Страница 8 из 93
Памятуя об этом, я всегда тщательно старался избегать каких-либо новых познаний, если для этого надо было делать нечто более сложное, чем приготовление напитков. В очень-очень давние времена я, бывало, изо всех сил старался привлекать к себе женщин, демонстрируя перед ними свое превосходство. Но это не принесло мне ничего, кроме того, что иногда я ощущал себя мазохистом. Именно моя любимая жена Клаудия, моя неизменная королева, и убедила меня, что для женщин куда более привлекательным качеством мужчины является его неполноценность, а не превосходство.

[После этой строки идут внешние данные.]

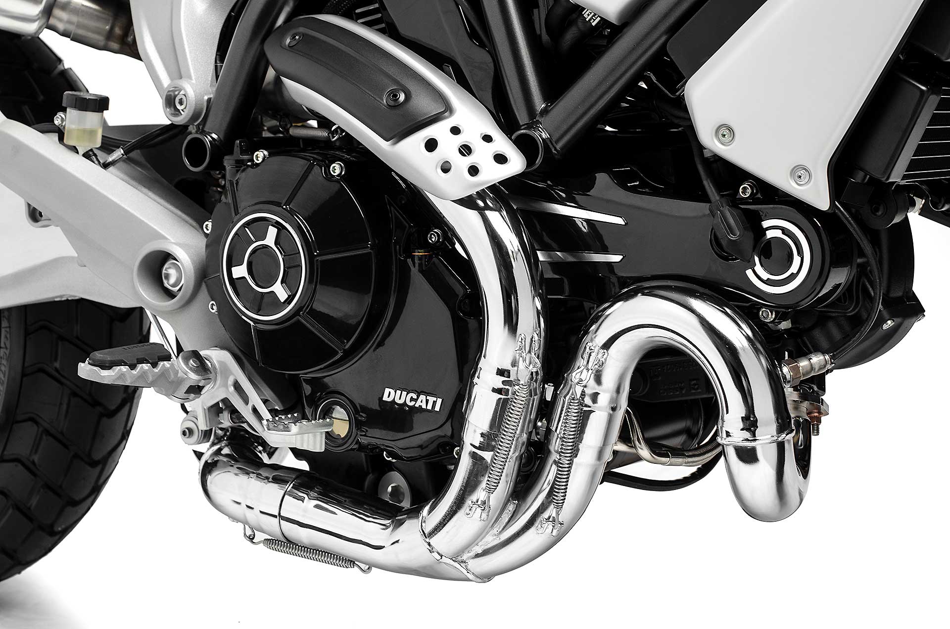 Il motore bicilindrico a L Desmodue e soprattutto i voluttuosi collettori di scarico contribuiscono a caratterizzare il lato nobile della moto, enfatizzando il design classico ma allo stesso tempo ricco di spunti contemporanei.Vintage di sostanzaPerché effettivamente, a ben guardare, di “vintage” nello Scrambler 1100 c’è l’ispirazione, non certo la componentistica né tanto meno il disegno dei particolari. Dentro il metallo si muove una coppia di grossi pistoni, quelli del classico bicilindrico con alesaggio di 98 mm e corsa di 71. Al centro della L troneggia il corpo farfallato da 55 mm di diametro, elemento essenziale del Ride By Wire e dotato di due iniettori sotto farfalla. 86 cv di potenza a 7.500 giri/min, con 88 Nm di coppia a 4.750: sono i numeri, rassicuranti, che lasciano intuire quali siano le caratteristiche del motore di 1.079 cc, ovviamente con distribuzione desmodromica e due valvole per cilindro. Due le candele per cilindro, con incrocio valvole di 16°.
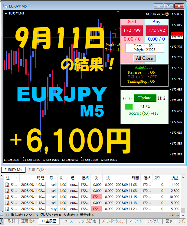 【前日の結果】EURJPY M5 『ATS-25』9月11日
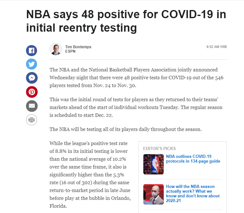 🏀 การตรวจ COVID รอบแรก นักบาส 48 คน มีผลเป็นบวก
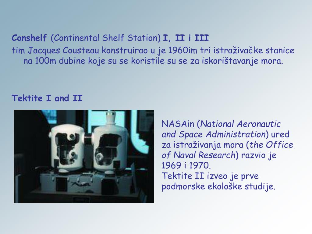 Conshelf (Continental Shelf Station) I, II i III tim Jacques Cousteau konstruirao u je 1960im tri istraživačke stanice na 100m dubine koje su se koristile su se za iskorištavanje mora. Tektite I and II NASAin (National Aeronautic and Space Administration) ured za istraživanja mora (the Office of Naval Research) razvio je 1969 i 1970. Tektite II izveo je prve podmorske ekološke studije.
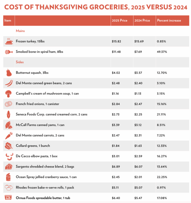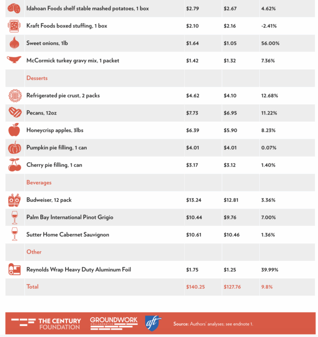 As families across the country prepare to carve turkey and watch football, new analysis from Groundwork Collaborative, The Century Foundation, and AFT finds that the price of a Thanksgiving dinner will be more expensive this year under President Trump, with a full meal up 9.8 percent compared to last year, more than triple the overall rate of inflation. Some staples will run families over 20 percent more than last year’s prices, including onions (56 percent), spiral hams (49 percent), cranberry sauce (22 percent), and creamed corn (21 percent).

Клаудия превосходила меня во многих отношениях. Но она меня обожала. Достаточно сказать, что она была олимпийской чемпионкой по плаванию. Ее выступление на Олимпийских играх затмил один только Джонни Вайсмюллер. И он же продолжал затмевать ее и в кинофильмах. Там не менее, в лучших своих фильмах она все равно умудрялась продираться через все преграды. А кроме этого она умела и отлично готовить, и украшать дом, и выращивать цветы, и прекрасно справляться с дюжиной всяких других дел. Достичь ее уровня мне было не под силу ни по талантам, ни по чисто человеческим качествам, не говоря уже о силе духа. Когда мы с ней познакомились, у меня была опубликована пара романов, совсем небольших и очень напыщенных. Я уже решил, что писатель из меня не получится, и потому занимался на разных студиях всякой поденщиной. Я писал сценарии для вестернов, для фильмов про джунгли, для разных сериалов и короткометражек, а еще для всевозможных пропагандистских картин. Эта поденщина никак не разрушала мою чувствительную и артистическую душу просто потому, что таковой не существовало. Мне просто здорово повезло – найти такое ремесло, которое мне нравилось и для которого вполне хватало моей компетенции. Какое-то время Клаудия вела со мной беседы о том, чтобы я написал по-настоящему хороший роман. Но мне кажется, делала она это только потому, что ей хотелось надеяться, что когда-нибудь я все-таки повзрослею.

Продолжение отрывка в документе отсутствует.